15 new potato varieties revealed in Fredericton

The star of the show may be a potato with the potential to replace the Russet Burbank.
Top Crop Manager
February 15, 2018
By Top Crop Manager
Benoit Bizimungu, potato breeder at Fredericton Research and Development Center, holds a potato grown at the farm in Benton Ridge.
Benoit Bizimungu, potato breeder at Fredericton Research and Development Center, holds a potato grown at the farm in Benton Ridge. Photo courtesy of AAFC.
The potato industry saw 15 selections from Agriculture and Agri-Food Canada's potato breeding program at the annual potato selection event on February 14 at the Fredericton Research and Development Centre. 

There are five french fry potatoes this year, two for the potato chip sector, six fresh market selections, and two potatoes with coloured flesh.

The star of the show may be a potato with the potential to replace the Russet Burbank, the king of potatoes. As the primary choice for french fries, Russet Burbank accounts for 70 per cent of potato sales to North American processors, and 20 per cent of the overall potato market. The new potato boasts a higher yield, adaptability to a variety of growing conditions, and good storage results.

This potato stands up well to Verticillium, a soilborne fungus that can cut into yield, especially in Atlantic Canada. It is also less prone to tuber defects, reducing the amount of waste in the field. 

“The tuber defect in this new variety is up to 50 per cent less than tuber defect in Russet Burbank,” says potato breeder Benoit Bizimungu. 

These improved features add up to higher profits for growers.

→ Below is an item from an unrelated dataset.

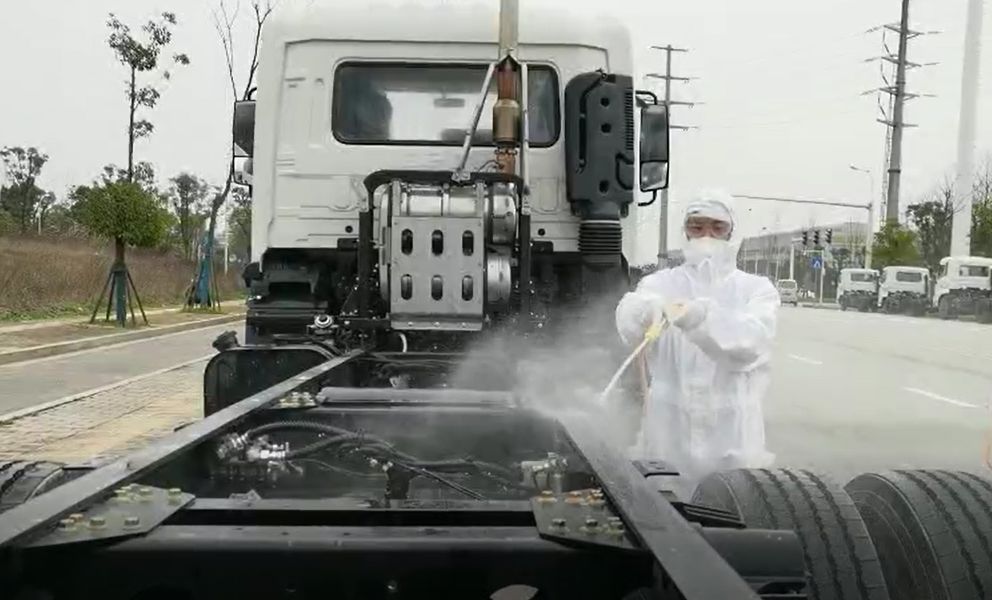 东风商用车生产基地在湖北十堰疫情重灾区,东风商用车的物流司机将底盘车送至湖南境内的高速路口岳阳北收费站后返回湖北集中隔离,再由好博环境的物流司机接回厂区。整个交接运输过程中,每一辆底盘车在出厂、高速路口、好博环境长沙园区必须经历三次的专业消毒,确保安全,万无一失。

One of this year’s potato chip potatoes does well in various growing conditions and is ready for harvest early in the season - welcome news, especially in Ontario, where growers have been looking for locally adapted chip varieties to supply the lucrative snack food industry in the region.

There is even a potato with pink flesh for specialty markets.

Potato breeder Benoit Bizimungu believes these latest breeding innovations are poised to deliver "quantity" and "quality" to growers and processors, and "taste" to consumers.